▶ [Action item]: Leave every picture out, then reproduce the rest of the listing exactly.

▶ [Collected material]:
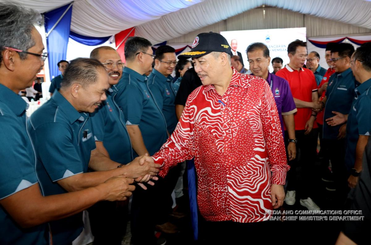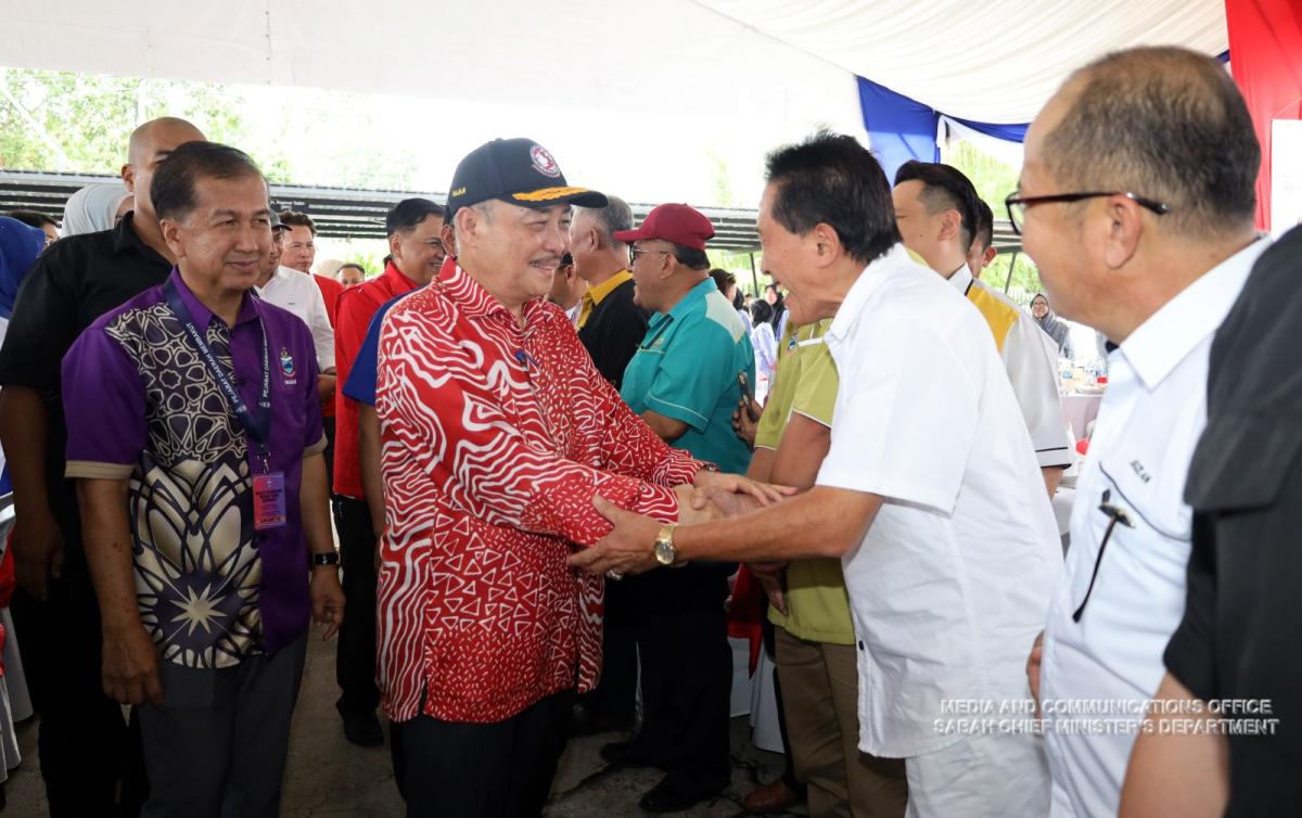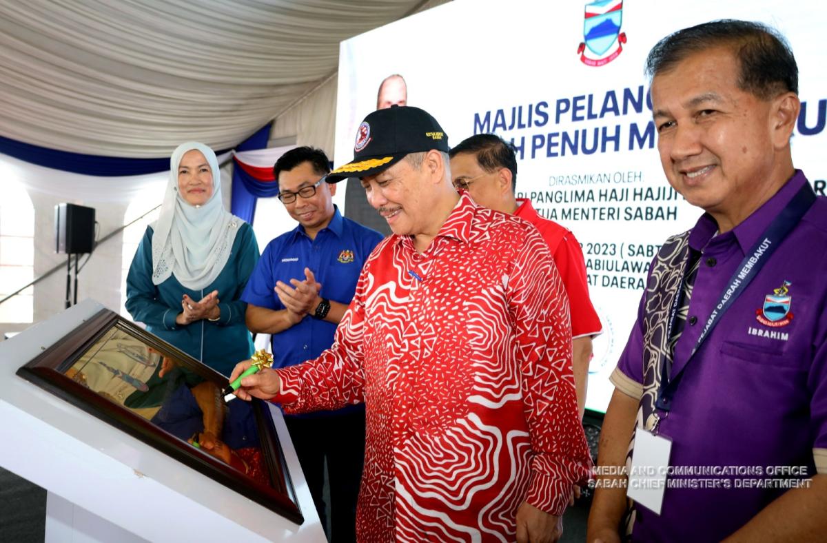 Yang Amat Berhormat Ketua Menteri Datuk Seri Panglima Haji Hajiji bin Haji Noor Merasmikan Majlis Perasmian Daerah Penuh Membakut di Perkarangan Pejabat Daerah Membakut
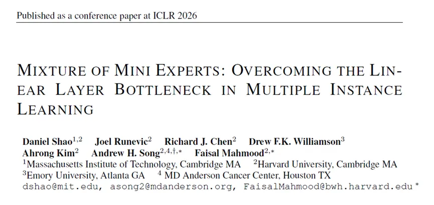 近日,哈佛医学院Faisal Mahmood教授团队(该团队曾开发过CLAM、UNI、CONCH等一系列病理AI标杆性工作)发布了他们的最新力作:MAMMOTH。这篇文章恰恰是从MIL中这一步看似不起眼的线性映射入手,为此设计了一个可插拔的混合专家(Mixture-of-Experts, MoE)模块,用来替换标准MIL中普遍存在的初始线性层。
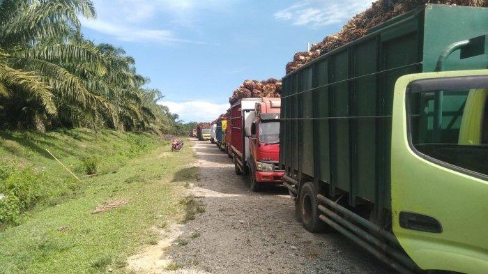 Ratusan truk sudah lama antre. Hal tersebut terjadi lantaran sistem pembelian TBS masih dilakukan buka-tutup.
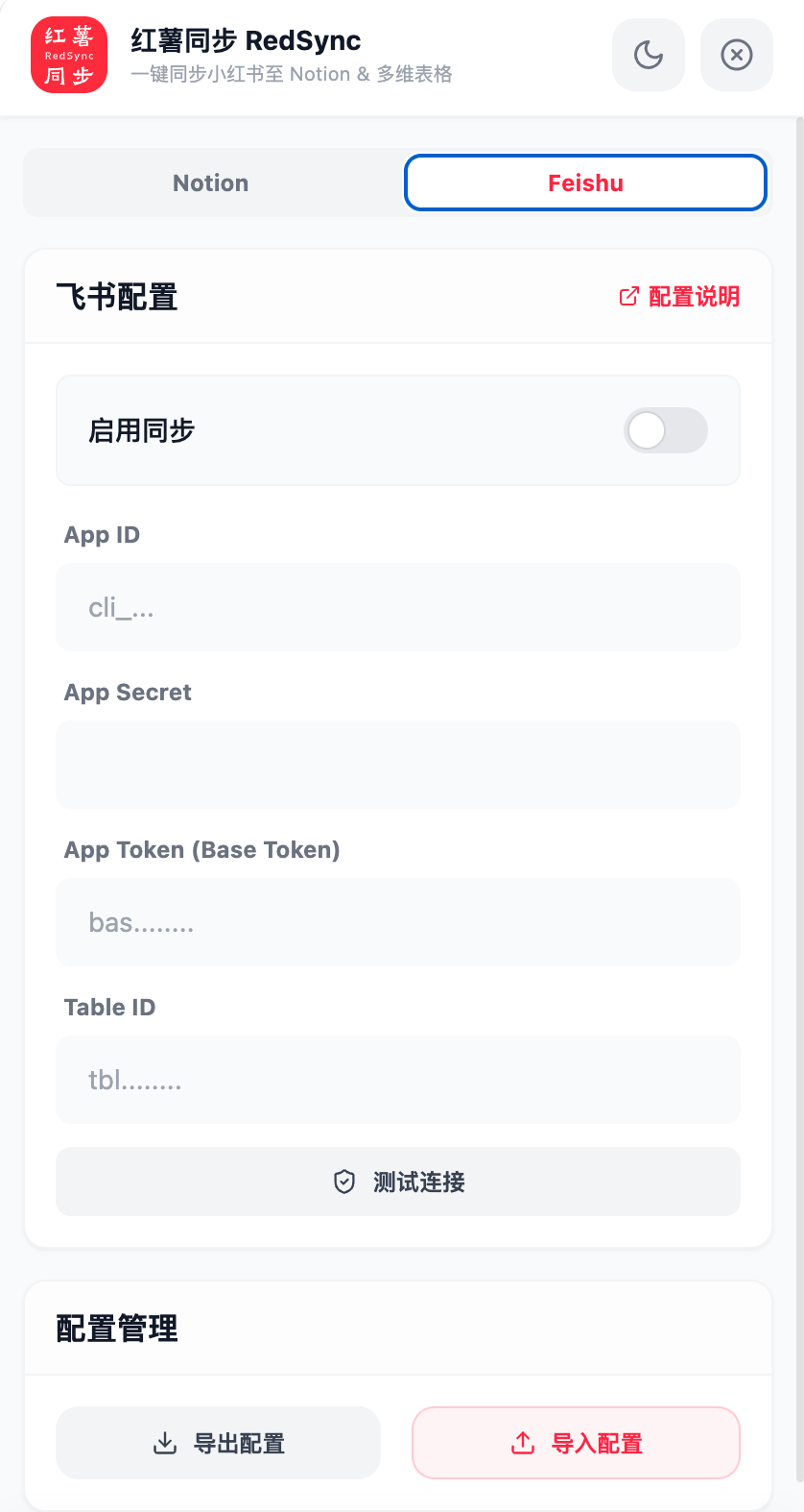 打开 RedSync 插件 -> 设置 -> 飞书配置。

▶ [Exercise answer]:
 Yang Amat Berhormat Ketua Menteri Datuk Seri Panglima Haji Hajiji bin Haji Noor Merasmikan Majlis Perasmian Daerah Penuh Membakut di Perkarangan Pejabat Daerah Membakut
 近日,哈佛医学院Faisal Mahmood教授团队(该团队曾开发过CLAM、UNI、CONCH等一系列病理AI标杆性工作)发布了他们的最新力作:MAMMOTH。这篇文章恰恰是从MIL中这一步看似不起眼的线性映射入手,为此设计了一个可插拔的混合专家(Mixture-of-Experts, MoE)模块,用来替换标准MIL中普遍存在的初始线性层。
 Ratusan truk sudah lama antre. Hal tersebut terjadi lantaran sistem pembelian TBS masih dilakukan buka-tutup.
 打开 RedSync 插件 -> 设置 -> 飞书配置。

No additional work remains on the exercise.